VLM-driven Skill Selection for Robotic Assembly Tasks
Jeong-Jung Kim, Doo-Yeol Koh, Chang-Hyun Kim
TL;DR
This work addresses the challenge of long-horizon robotic assembly by integrating Vision-Language Models with imitation learning in a hierarchical, modular framework. A two-stage VLM pipeline first marks scene objects and then reasons about a sequence of primitive skills (pick, place, insert, done, init) that are executed by learned policies, enabling flexible and interpretable assembly. Across simulations and real-world tests, the approach demonstrates that VLM-guided planning combined with imitation learning improves task reliability and scalability, with newer VLM architectures delivering notable gains in spatial reasoning and sim-to-real transfer. The framework supports forward-looking integration of advancing visual reasoning models, offering a scalable path toward autonomous, knowledge-driven industrial assembly.
Abstract
This paper presents a robotic assembly framework that combines Vision-Language Models (VLMs) with imitation learning for assembly manipulation tasks.
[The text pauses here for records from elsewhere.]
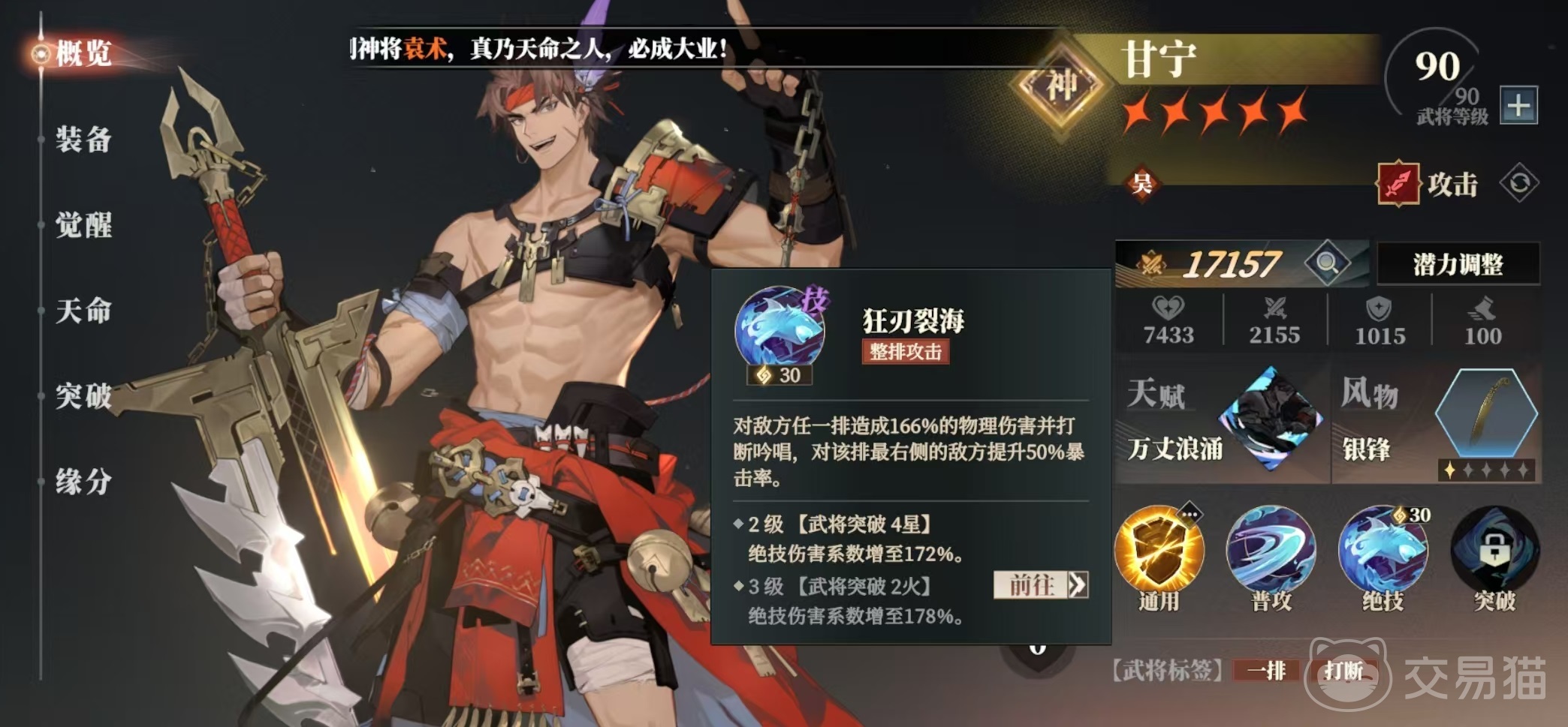 如果孙尚香和甘宁都使出自身的绝技,那么一整排敌人有可能直接被秒掉,孙权带来的战意消耗减少等增益,可以大幅度加快这二人的输出节奏。另外两名角色当然少不了治疗和单体伤害,单体伤害方面曹操就已经完全够用,不需要再使用其他的武将。治疗可以选择步练师师来给团队加血,如果没有步练师,貂蝉或者是蔡文姬等也都非常适合。
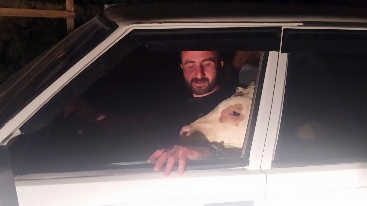 Buzağıyı aracına bindiren Koçyiğit, gezintiye başladı.
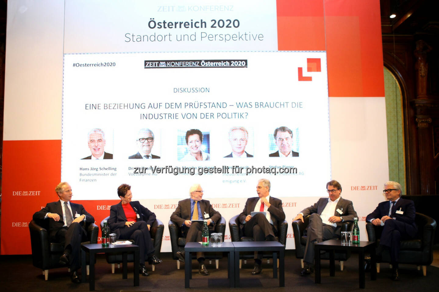 Georg Kapsch (Präsident der Industriellenvereinigung), Monika Kirchner (Senior Director Industrial Affairs der Infineon AG), Joachim Riedl (Leiter des Wiener Büros der ZEIT), Hans Jörg Schelling (Finanzminister), Stefan Pierer (CEO KTM Industries AG), Wolfgang Eder (CEO der voestalpine AG) : "ZEIT Konferenz" in Wien: Herausforderungen und Perspektiven des Wirtschaftsstandortes im Fokus : Fotocredit: Elisabeth Kessler
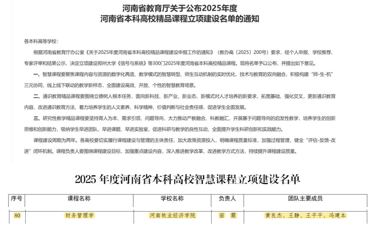 近日,河南省教育厅正式公布2025年度本科高校精品课程立项建设名单。经个人申报、学校推荐、专家评审等环节严格遴选,pa电子苗霞博士主持的《财务管理学》课程成功获批立项,入选省级智慧课程建设项目。
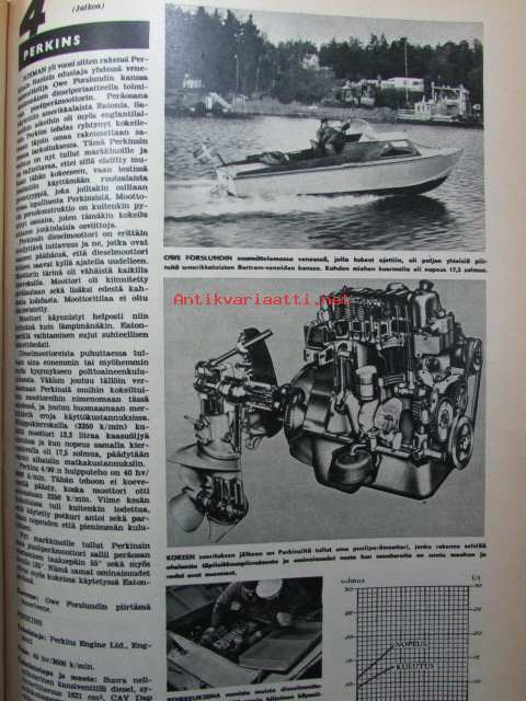 Tekniikan Maailma 1963 nr 4 -mm. Testissä 4 Perkins 4 OMC 480 4-Mer-Cruiser 4 Volvo/Penta Aquamatic, Suuren tyylin matkavene, Koeajossa Puch 150 SR ja NSU Prinz 4,
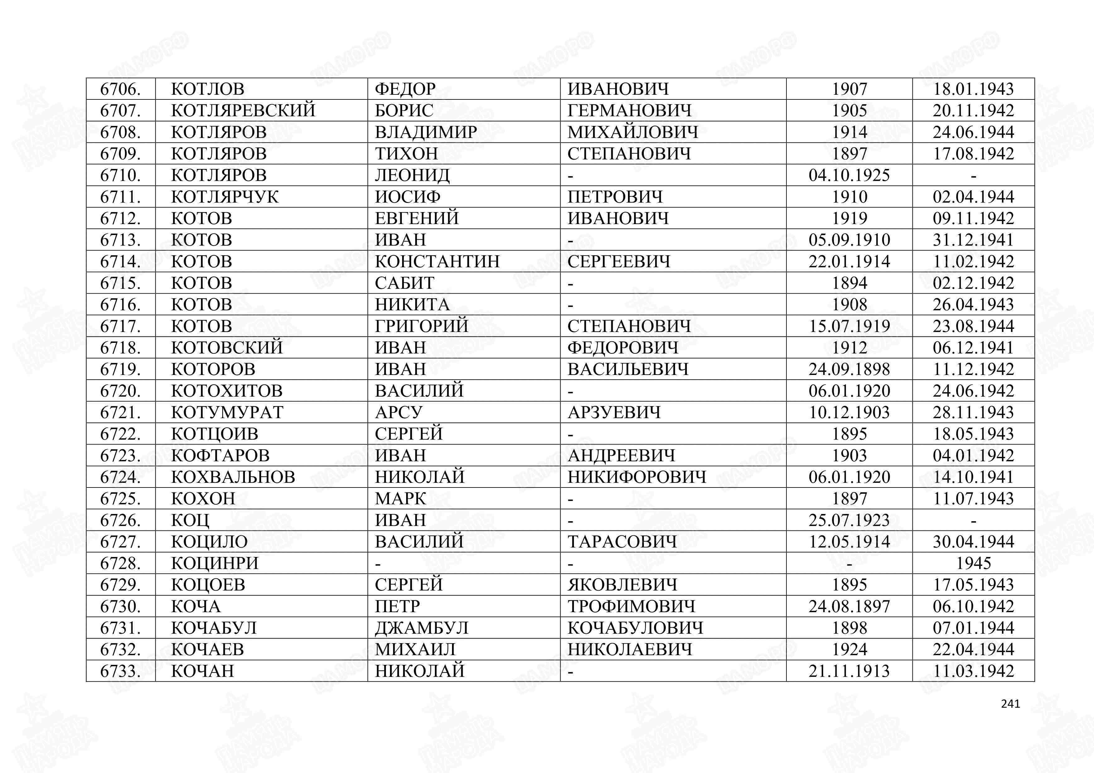 ЦВМА Картотека безвозвратных потерь; ЦВМА ф.864,о.1,д.1378; Филиал ЦАМО (архив ВМФ) ф.Послужная картотека моряков, о.29,д.20; ЦАМО ф.58,о.977520,д.1417; ЦАМО ф.58,о.977521,д.2016; Паспорт захоронения

Our system employs a gripper-equipped robot that moves in 3D space to perform assembly operations. The framework integrates visual perception, natural language understanding, and learned primitive skills to enable flexible and adaptive robotic manipulation. Experimental results demonstrate the effectiveness of our approach in assembly scenarios, achieving high success rates while maintaining interpretability through the structured primitive skill decomposition.